## Exercise goal
Omit all pictures, then repeat the listing exactly.

## Data block
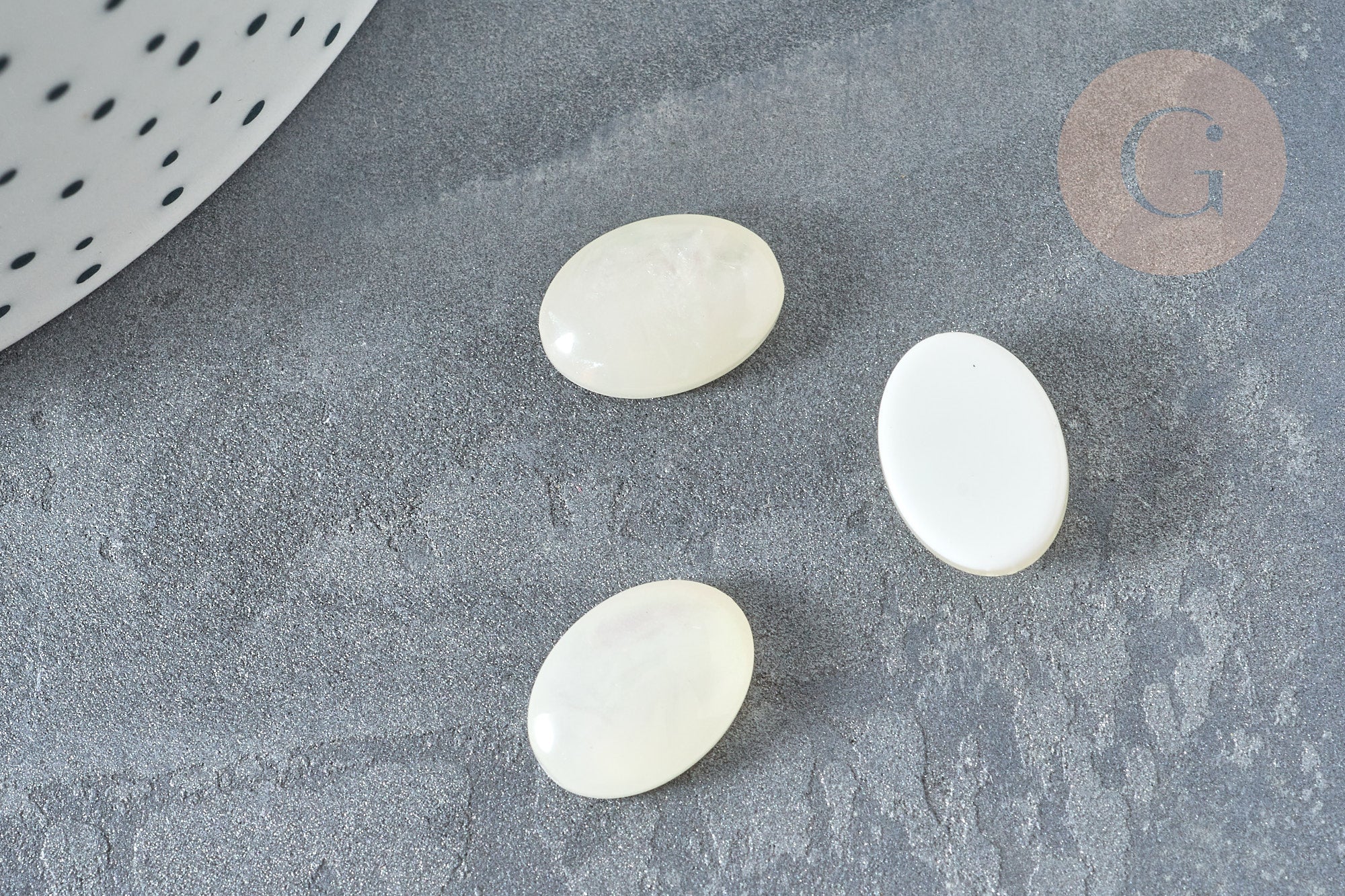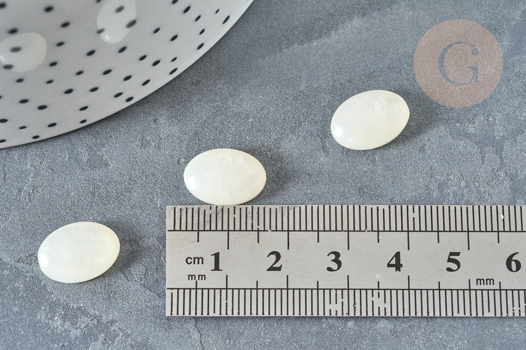 Adopta esto cabujón ovalado de resina blanca, imitación nácar que te permitirá hacer Bisutería DIY y accesorios muy ligeros. De hecho, son mucho más ligeros que los cabujones de vidrio o de piedras preciosas.
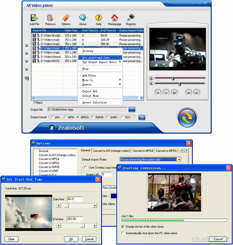 Nástroj umožňujúci spojenie viacerých AVI, DivX, MPEG, WMV alebo ASF video súborov v jeden.
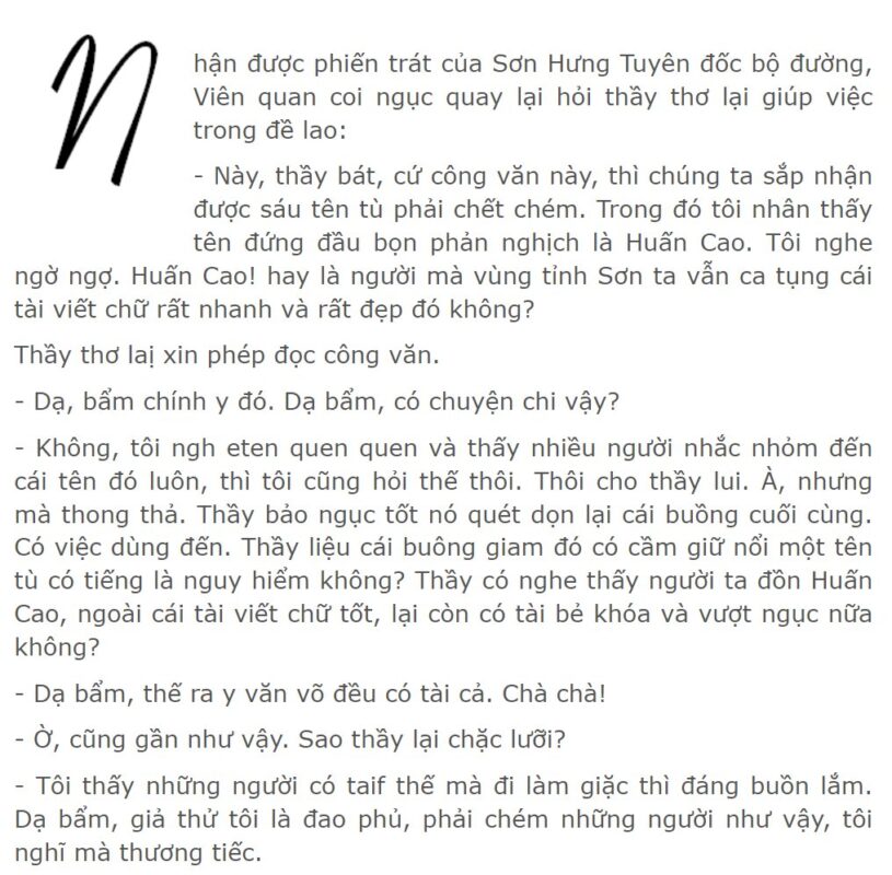 Cảnh cho chữ trong ngục tối được xem là đoạn văn nổi tiếng nhất của tác phẩm, nơi nghệ thuật đạt tới đỉnh cao biểu tượng. Không gian tăm tối, ẩm thấp của nhà tù bỗng bừng sáng bởi bó đuốc, tấm lụa trắng và những nét chữ vuông vức.

## Your response
 Adopta esto cabujón ovalado de resina blanca, imitación nácar que te permitirá hacer Bisutería DIY y accesorios muy ligeros. De hecho, son mucho más ligeros que los cabujones de vidrio o de piedras preciosas.
 Nástroj umožňujúci spojenie viacerých AVI, DivX, MPEG, WMV alebo ASF video súborov v jeden.
 Cảnh cho chữ trong ngục tối được xem là đoạn văn nổi tiếng nhất của tác phẩm, nơi nghệ thuật đạt tới đỉnh cao biểu tượng. Không gian tăm tối, ẩm thấp của nhà tù bỗng bừng sáng bởi bó đuốc, tấm lụa trắng và những nét chữ vuông vức.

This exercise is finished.